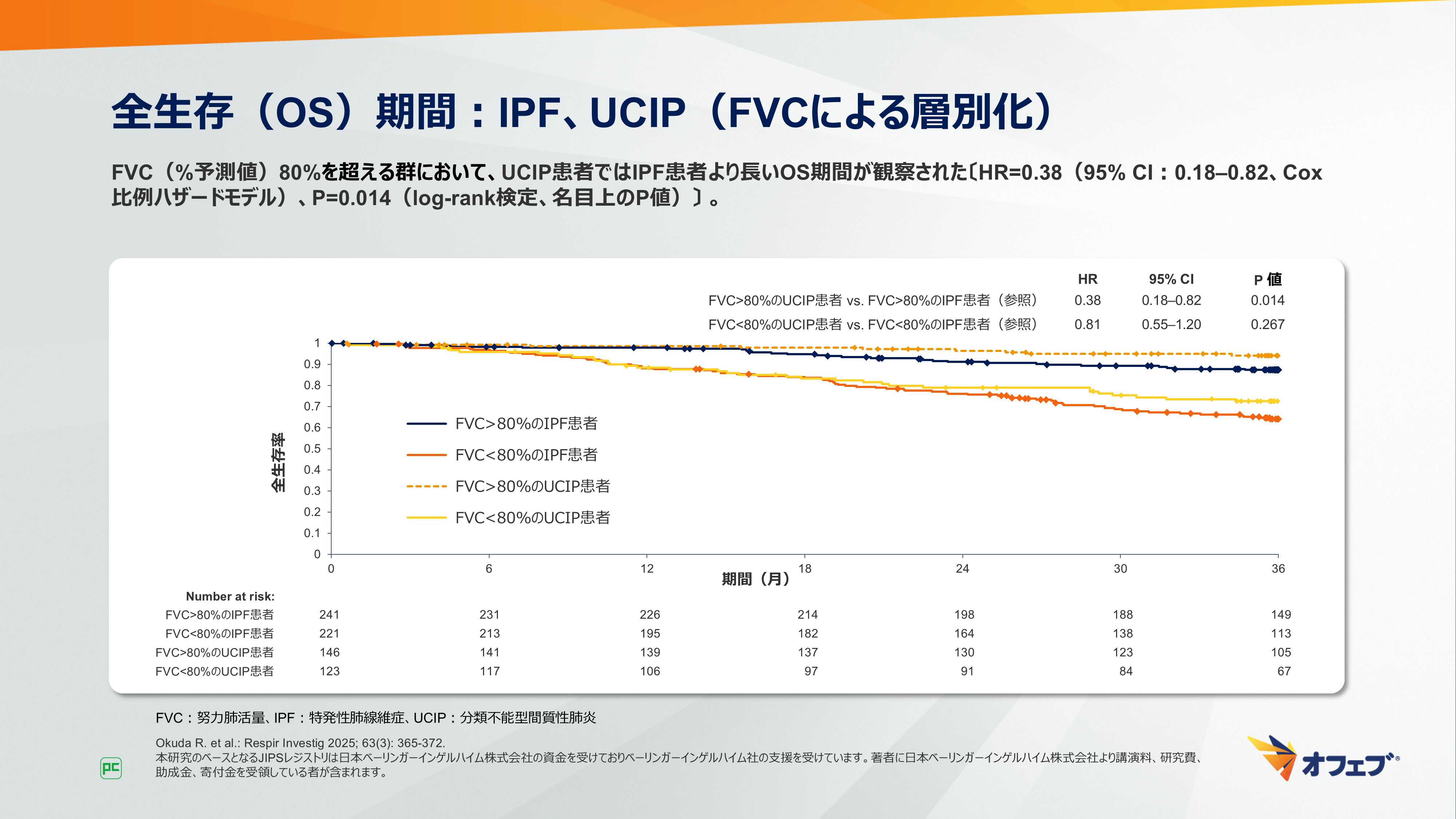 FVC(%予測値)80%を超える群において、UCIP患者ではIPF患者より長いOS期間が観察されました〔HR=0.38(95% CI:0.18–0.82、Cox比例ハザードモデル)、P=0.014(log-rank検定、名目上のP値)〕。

---

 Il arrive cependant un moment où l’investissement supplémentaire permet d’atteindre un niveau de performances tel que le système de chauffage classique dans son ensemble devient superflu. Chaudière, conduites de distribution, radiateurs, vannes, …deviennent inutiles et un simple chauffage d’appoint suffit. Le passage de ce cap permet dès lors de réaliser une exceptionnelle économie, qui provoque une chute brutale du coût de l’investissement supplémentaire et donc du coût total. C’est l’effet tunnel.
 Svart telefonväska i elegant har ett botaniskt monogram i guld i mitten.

Requirement
Look above for the line containing "Il arrive cependant". Output from there through the line containing "Svart telefonväska i", exactly and inclusively.

Task answer
 Il arrive cependant un moment où l’investissement supplémentaire permet d’atteindre un niveau de performances tel que le système de chauffage classique dans son ensemble devient superflu. Chaudière, conduites de distribution, radiateurs, vannes, …deviennent inutiles et un simple chauffage d’appoint suffit. Le passage de ce cap permet dès lors de réaliser une exceptionnelle économie, qui provoque une chute brutale du coût de l’investissement supplémentaire et donc du coût total. C’est l’effet tunnel.
 Svart telefonväska i elegant har ett botaniskt monogram i guld i mitten.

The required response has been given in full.